Evolution of Cooperation @ To Live! And to Write for Life!

星期天在火車上遇到一個英國籍漢莎航空飛行員，他剛下飛機，好像要回家(不然他住飯店就好唄)。上火車的時候，火車有延滯卻沒有廣播，我趕快問坐在前面的他確定一下自己有沒有做錯車。要下車的時候才發現我們同一站下車，這時他突然跟我講英語，我嚇了一跳問他母語是什麼，就這樣聊起來了。

他跟我一樣都是大學讀工科，他說他從來沒想到今天會變成飛行員。公司(漢莎航空)後來還讓他去讀MBA。他說讀了一些他根本用不上的東西，例如寫企劃書，算應收帳款等等。

跟他提到我想離開工程去讀社會研究，因為工程公司人和很難，這樣 defeats the purpose of working in this field，他心有戚戚焉點點頭。

接著他跟我說有一本社會研究的書很有趣，叫做 The Evolution of Cooperation，裡面有談到 game theory (尤其是 Prisoner's Dilemma)。我很高興，因為很多這種書只談生物行為，但是無法解釋複雜的人類行為。他說這本書的作者是個芝加哥大學畢業的政治學教授，跟我有地緣關係（很久沒有聽到這種話，哈哈）。

火車延遲8分鐘，他擔心趕不上下班火車，希望能當第一個下車的人，可惜他前面的小姐有點自私不讓他。我想到要交換聯絡資料時已經沒有多少時間了，很可惜，不過我想我們哪天再見面會認得出對方的。

在此節錄 Wikipedia 對 The Evolution of Cooperation (1985) 這本書的簡介 (目前只有英文，日文，德文和阿拉伯文)。

Axelrod's Tournaments

Axelrod initially solicited strategies from other game theorists to compete in the first tournament. Each strategy was paired with each other strategy for 200 iterations of a Prisoner's Dilemma game, and scored on the total points accumulated through the tournament. The winner was a very simple strategy submitted by Anatol Rapoport called "TIT FOR TAT" (TFT) that cooperates on the first move, and subsequently echoes (reciprocates) what the other player did on the previous move. The results of the first tournament were analyzed and published, and a second tournament held to see if anyone could find a better strategy. TIT FOR TAT won again. Axelrod analyzed the results, and made some interesting discoveries about the nature of cooperation, which he describes in his book^[30]
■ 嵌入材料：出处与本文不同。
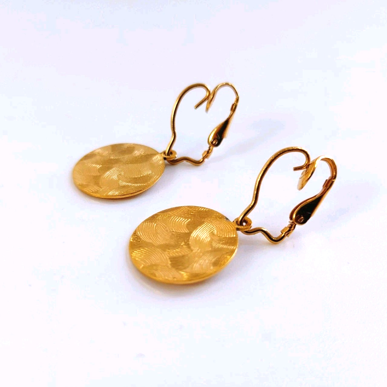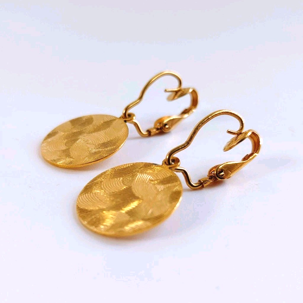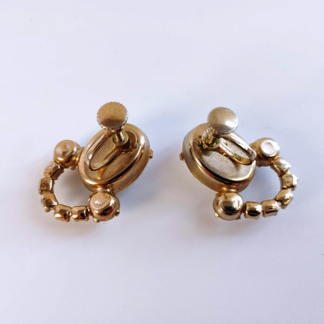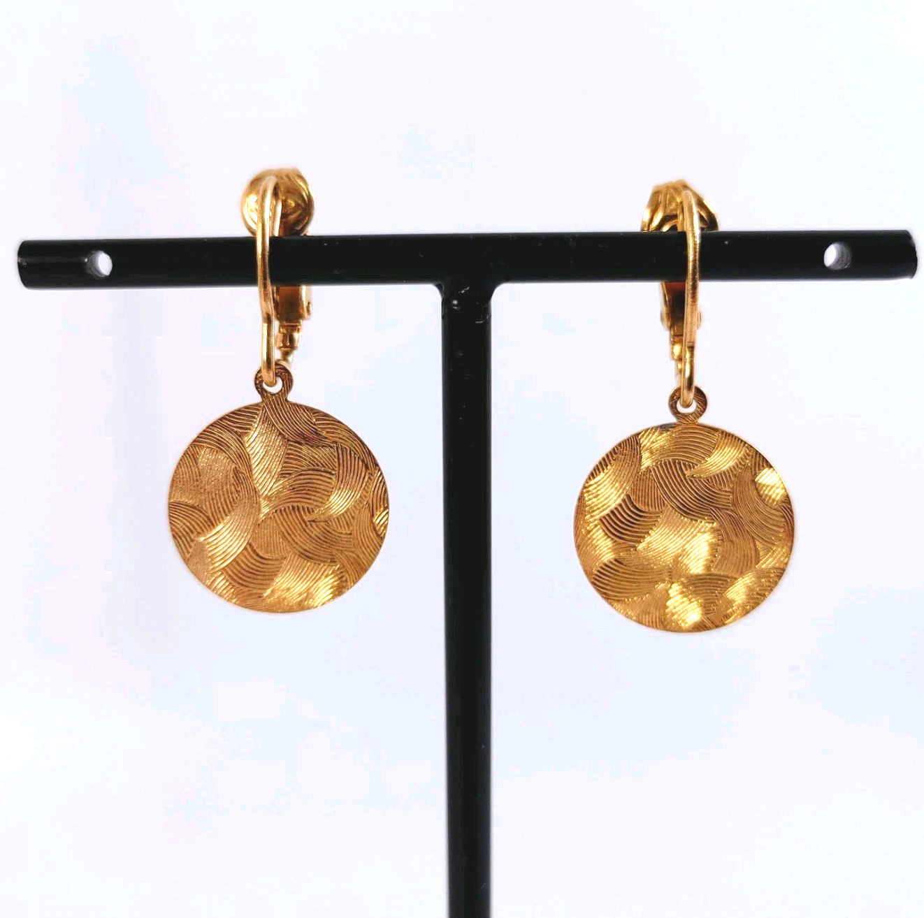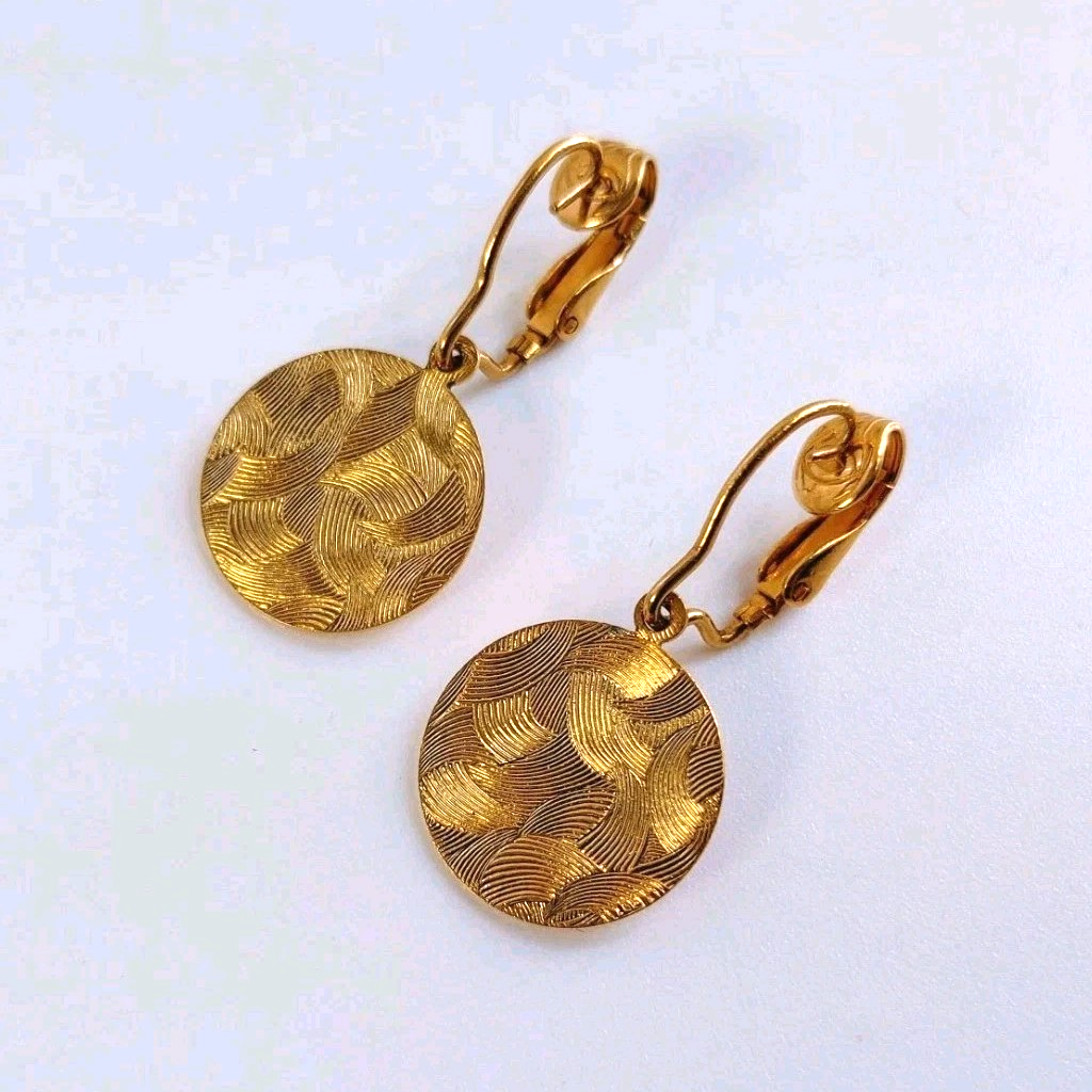 These beautiful earrings feature a swirling gold-tone design, creating a classic and sophisticated look. Crafted from high-quality materials the earrings measure approximately 7/8 inches (2.23 cm) in diameter and clip securely onto your ears. Signed Monet on the back which adds to the authenticity of this vintage piece. Estimated to the 1960s.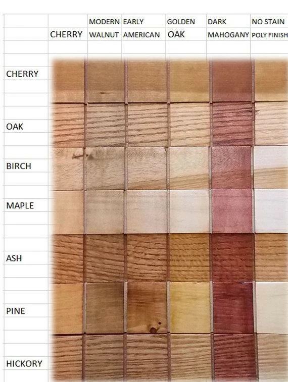 Custom orders allow you the freedom to pick your wood species, stain preference, size and budget from the drop-down boxes to the left of the listing photo. The last photo is a chart to help you with the stain color on the different types of wood as a guideline.
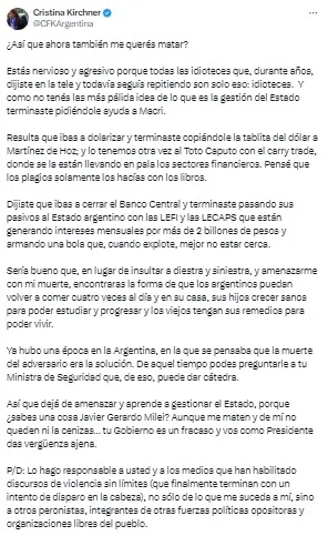 - "Ya hubo una época en la Argentina, en la que se pensaba que la muerte del adversario era la solución. De aquel tiempo podes preguntarle a tu Ministra de Seguridad que, de eso, puede dar cátedra. Así que dejá de amenazar y aprende a gestionar el Estado, porque ¿sabes una cosa Javier Gerardo Milei? Aunque me maten y de mí no queden ni las cenizas… tu Gobierno es un fracaso y vos como Presidente das vergüenza ajena".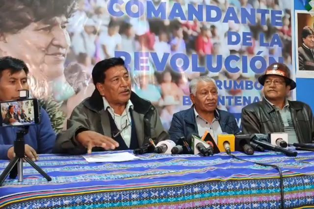En conferencia de prensa, la dirigencia evista afirmó que no participará de ningún evento “inorgánico” y expresó su desconocimiento a la actual dirigencia de algunas organizaciones sociales, tales como de los Interculturales y de la Confederación Sindical Única de Trabajadores Campesinos de Bolivia (CSUTCB).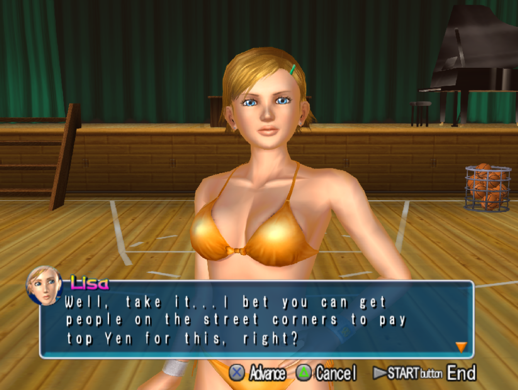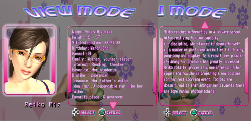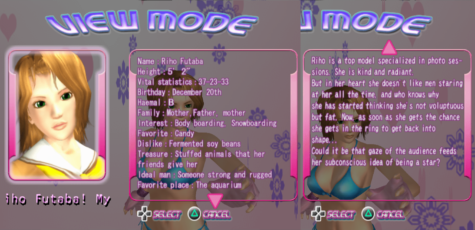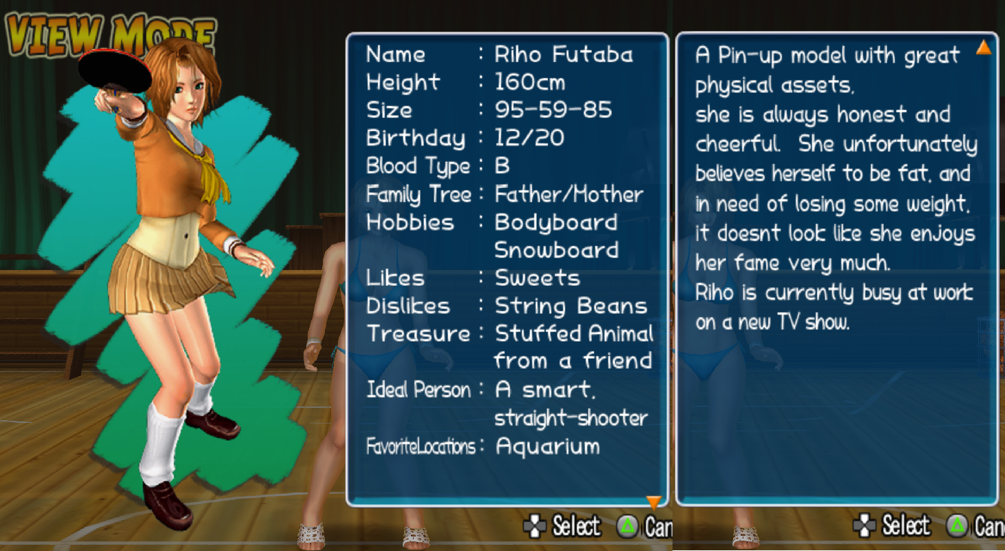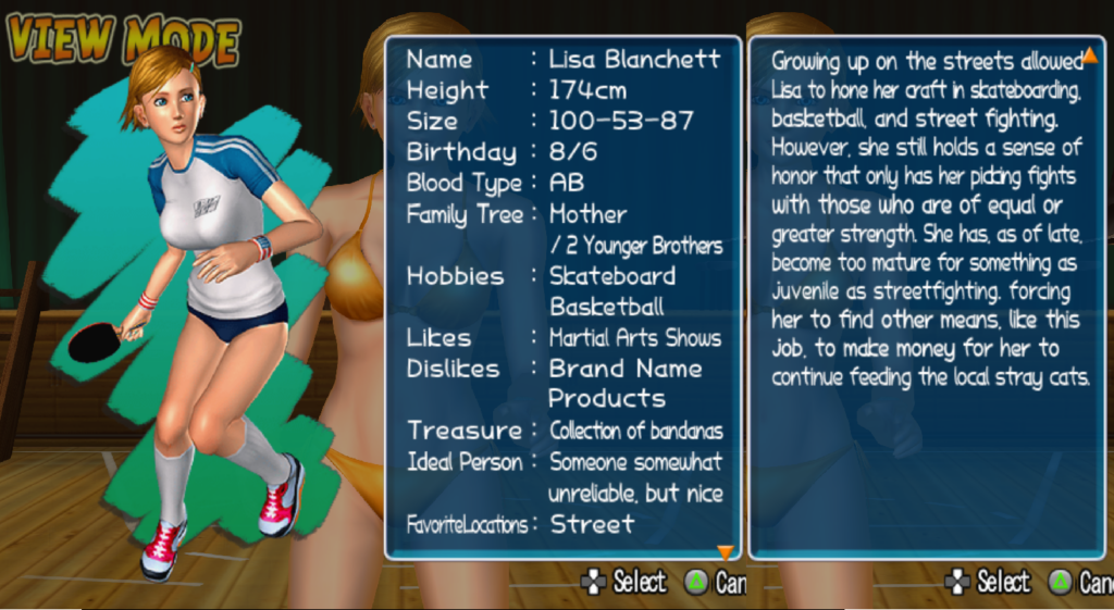 Best of all, the profile pages return, with some fun new tidbits. Like, for example, we find out that Lisa is now dating Ryota (the protagonist of Pink Pong‘s story mode), for some inexplicable reason. We also get a recurring reference to Riho’s insecurity that she may be getting fat and… c’mon, Riho, you’re beautiful, don’t be so hard on yourself. Is this the first time I’m actually feeling something for this character? Yes, yes it is, and I had to dig through the menus in two separate games to get there.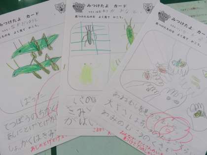 大きなバッタは手のひらサイズ!!それでも臆することなくどんどん触りに行く子どもたちにびっくりしました。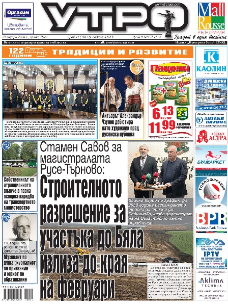 28 януари 2026 г. - Стамен Савов за магистралата Русе-Търново: Строителното разрешение за участъка до Бяла излиза до края на февруари * Собственикът на атракционното влакче в парка оспорва наредба на транспортното министерство * Скулптурата излезе на открито - Симеоновата къща в Русе се превърна в ново пространство за среща между изкуство и архитектура * Актьорът Александър Узунов дебютира като художник пред русенска публика * Реките на времето, които пренасят душевното богатство на една изгубена България в днешното безчестно време * 315 ученици в 20 различни специалности в Русенско вече се обучават чрез работа * Международен ден в памет на жертвите от Холокоста - Единствената държава, в която евреите са повече след войната, е България * 130 години от рождението на Димитър Сакакушев - Музикант по душа, журналист по призвание и юрист по образование * Ах, тези анкети! Без Росенов и Янева във финала на националната класация * „Дунав“ и „Етър“ в контрола със заряд на дерби днес на стадион „Ивайло“ * Тези и още новини в новия брой на „УТРО“.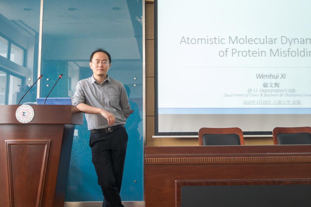 2019年3月21日下午,美国俄克拉荷马大学化学与生物化学系的郗文辉博士应邀访问理学院,并在钱伟长楼202报告厅做了题为《Atomistic Molecular Dynamics Study of Protein Misfolding》的学术报告。报告由王耀来博士主持,理学院和生物工程学院的部分师生参加了本次报告会。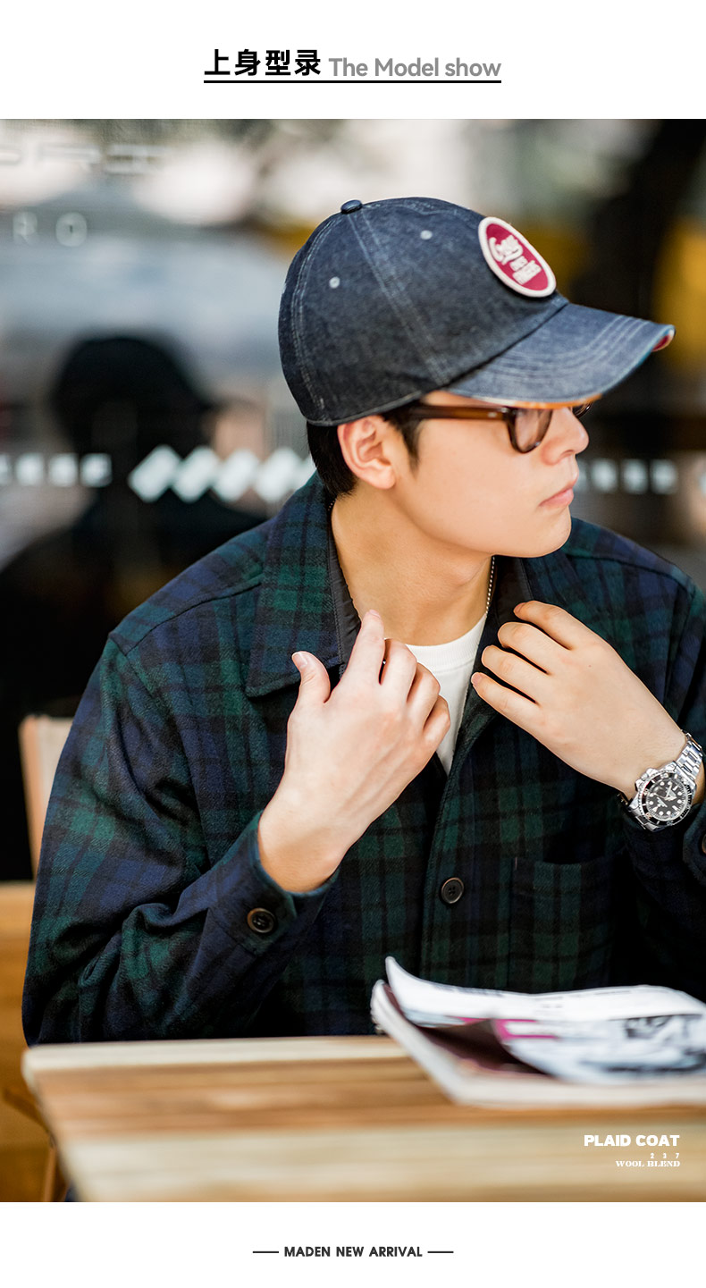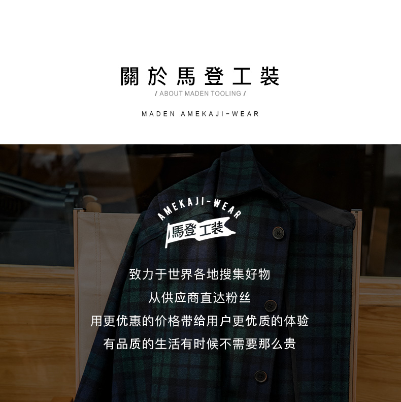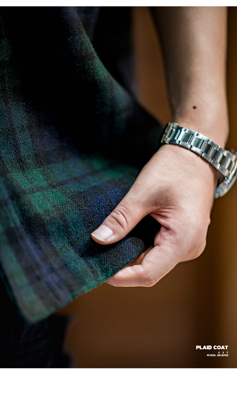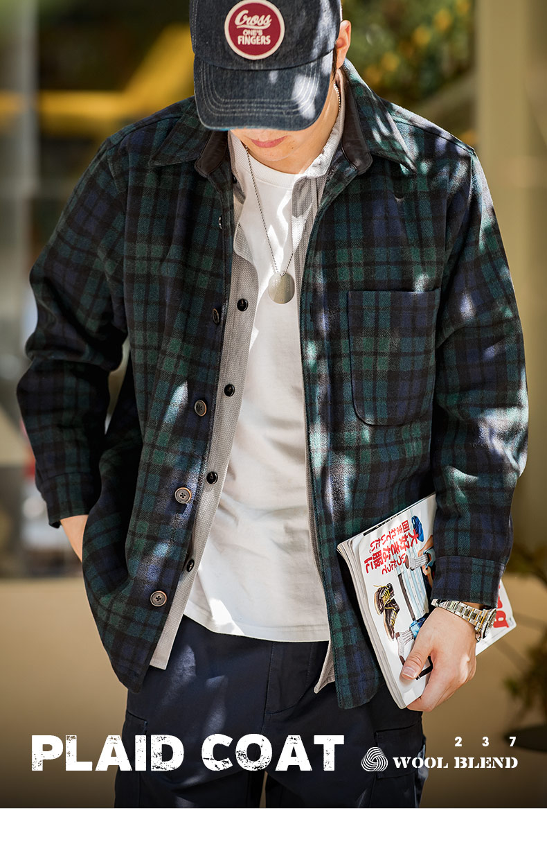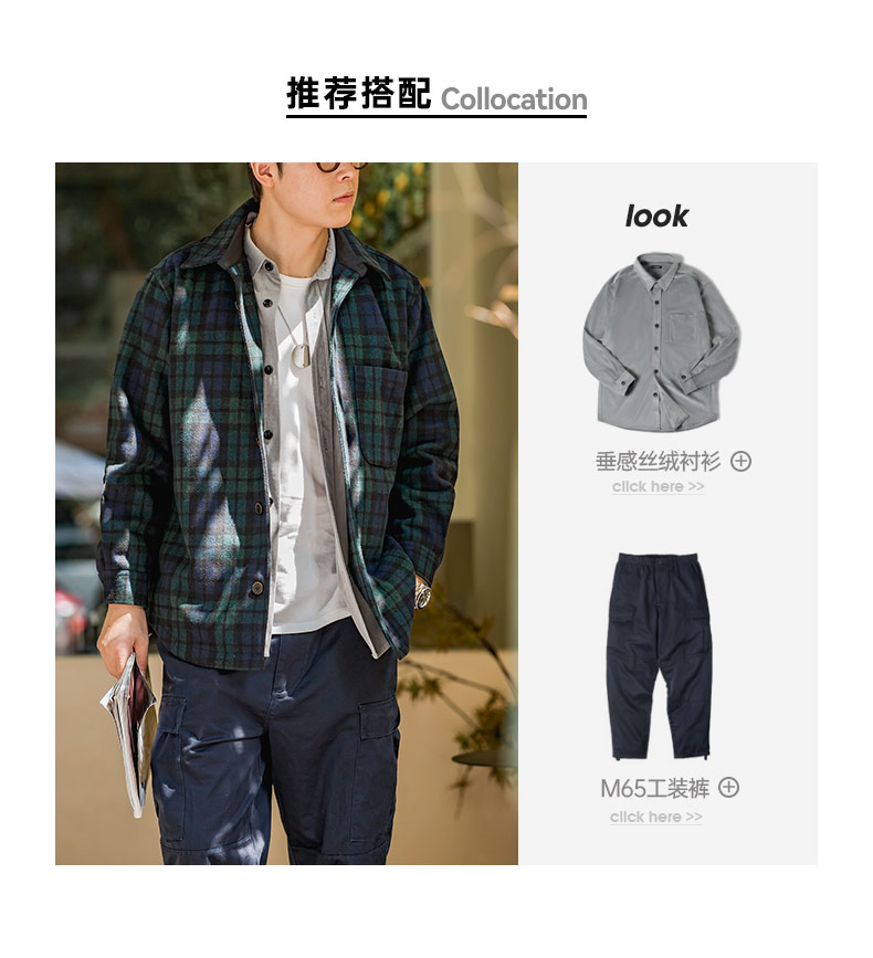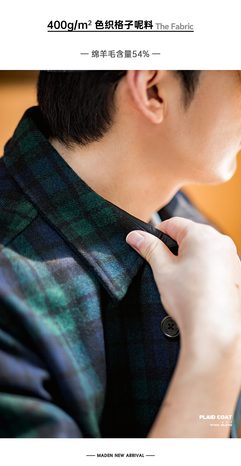 马登工装 日系复古蓝绿格子毛呢夹克宽松厚实格纹衬衫外套男秋季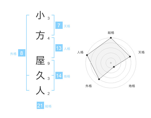 小方 屋久人さんを姓名の画数から五運を鑑定

作者讓數個賽局策略下去玩囚徒困境200回，結果積分最高的是TFT (以牙還牙)策略。這一策略有兩個步驟：

第一個回合選擇合作
下一回合是否選合作要看上一回對方是否合作，若對方上一回背叛，此回合我亦背叛；若對方上一回合作，此回合繼續合作

In both actual tournaments and various replays the best performing strategies were nice^[31]: that is, they were never the first to defect. Many of the competitors went to great lengths to gain an advantage over the "nice" (and usually simpler) strategies, but to no avail: tricky strategies fighting for a few points generally could not do as well as nice strategies working together. TFT (and other "nice" strategies generally) "won, not by doing better than the other player, but by eliciting cooperation [and] by promoting the mutual interest rather than by exploiting the other's weakness."^[32]

Being "nice" can be beneficial, but it can also lead to being suckered. To obtain the benefit – or avoid exploitation – it is necessary to be provocable to both retaliation and forgiveness. When the other player defects, a nice strategy must immediately be provoked into retaliatory defection.^[33] The same goes for forgiveness: return to cooperation as soon as the other player does. Overdoing the punishment risks escalation, and can lead to an "unending echo of alternating defections" that depresses the scores of both players.^[34]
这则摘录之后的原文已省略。